Al die gebeurtenissen worden op onnavolgbare wijze beschreven. Ongelooflijk grappig, cassant en onverbloemd. Je voelt tegelijk de twijfel, de angst, de onwennigheid en ook het verlangen, de obsessie en de wil om een nieuwe plek te maken. Wat begint als een soort wanhopige vlucht vooruit om de val van de klif voor te blijven, wordt een reis die een zelf construeert voor die tweede levenshelft. Wat dood leek, wordt ineens een nieuw rijk leven. De vaak hilarische passages dragen onder zich ook een diep tragische laag. De geboorte van Sam, en de weken dat het kind tussen dood en leven hing, zijn een diep trauma dat stevig verankerd zit in haar lichaam. Haar grootmoeder en tante stapten uit het leven, toen zij halverwege waren. Zoveel dood, als een schaduw over dat kantelpunt. Haar reis is een zoektocht naar bevrijding van het leven, uit haar veranderende lichaam, uit de patronen waarin ze was vastgelopen, uit een gezinsvorm die niet meer werkt, uit een voorspelbaar leven. Met haar wonderlijke motelkamer heeft ze een ‘room of one’s own’ gemaakt, een warm lichaam waaruit nieuw leven geboren wordt. Die levenshelft die alleen dood kon zijn, of die door de echte dood zou overgenomen worden, kan ze helemaal zelf vormgeven. Seks en dans wijzen haar de weg. Alles komt wondermooi samen in een heel ontroerend einde.

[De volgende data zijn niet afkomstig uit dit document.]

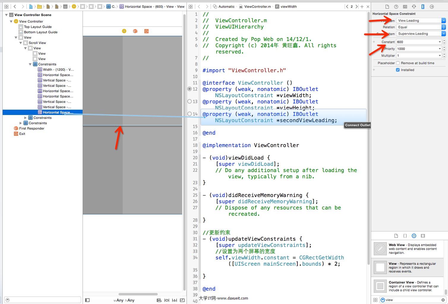 14.然後將這個約束Leading拉成屬性,在- (void)updateViewConstraints設置他的值
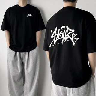 오프앤 국산 남녀공용 특양면 오버핏 그래피티 프린팅 빅사이즈 박스 반팔 티셔츠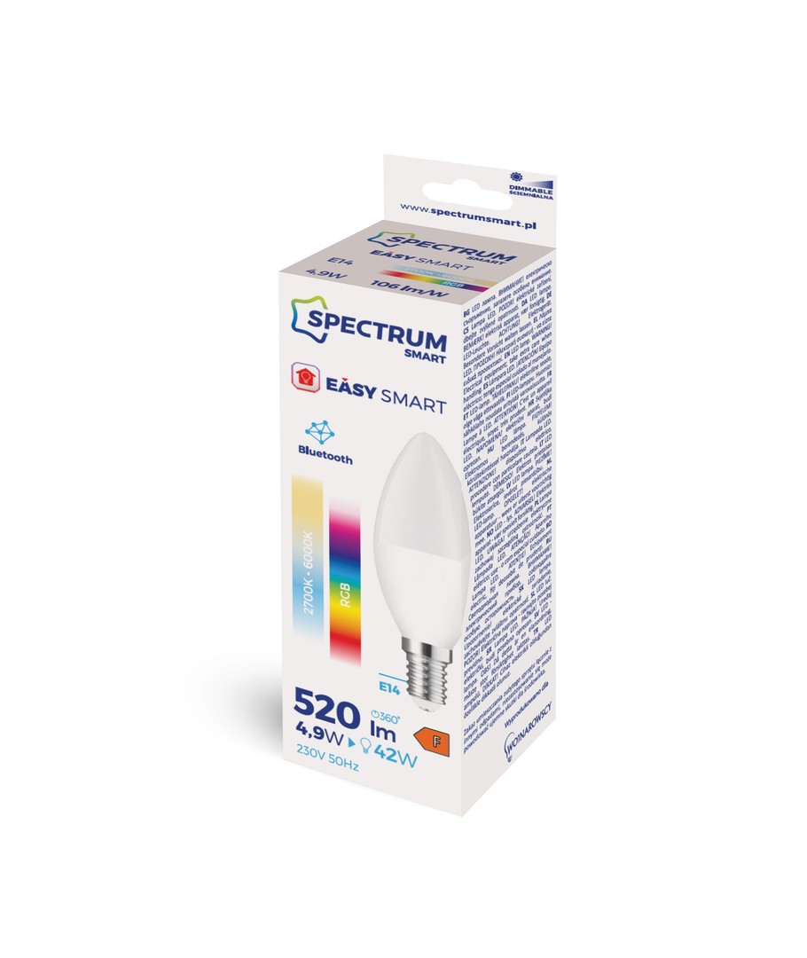 Oppgrader hjemmets belysning med en E14 4,9W Smart LED kertepære som tilbyr allsidighet og kontroll i fingertuppene. Denne pæren er en del av den nyeste generasjonen av LED-teknologi, utstyrt med RGB+CCT-funksjonalitet og Bluetooth Mesh-tilkobling, slik at du enkelt kan styre belysningen fra smartenheten din.

Miranda July heeft met haar boek een heel eigen universum gemaakt. Ze heeft het over een werkelijkheid waarover weinig geschreven wordt en doet dat onbevreesd en met een heel eigen stem. Als vrouw, al dan niet halverwege, krijg je een levensalternatief te zien dat zindert van leven. Dat is niet alleen belangrijk voor die inhoud, het is ook vormelijk indrukwekkend. Net als auteurs als Rachel Cusk zoekt Miranda July – zij het dan wel met een heel andere invulling – naar een literaire vorm voor een werkelijkheid van vrouwenlevens. Hoe kun je een werkelijkheid weergeven waarover al te vaak nog gezwegen wordt? Hoe kun je als auteur, mee op basis van je eigen ervaringen, een fictiewerk maken dat niet meteen – zoals zo vaak gebeurt bij vrouwelijke auteurs – wordt herleid tot de biografie van de auteur? Een boek als dit denigrerend tot een ‘vrouwenboek’ herleiden is een gekende strategie. All Fours zal hopelijk niet op die manier als literair werk ‘onschadelijk’ gemaakt worden. Het boek bruist van verlangen, verkent nieuwe terreinen, zoekt woorden en een vorm voor mogelijke levens. Het is een boek dat er moest zijn, en dat er nu gelukkig is.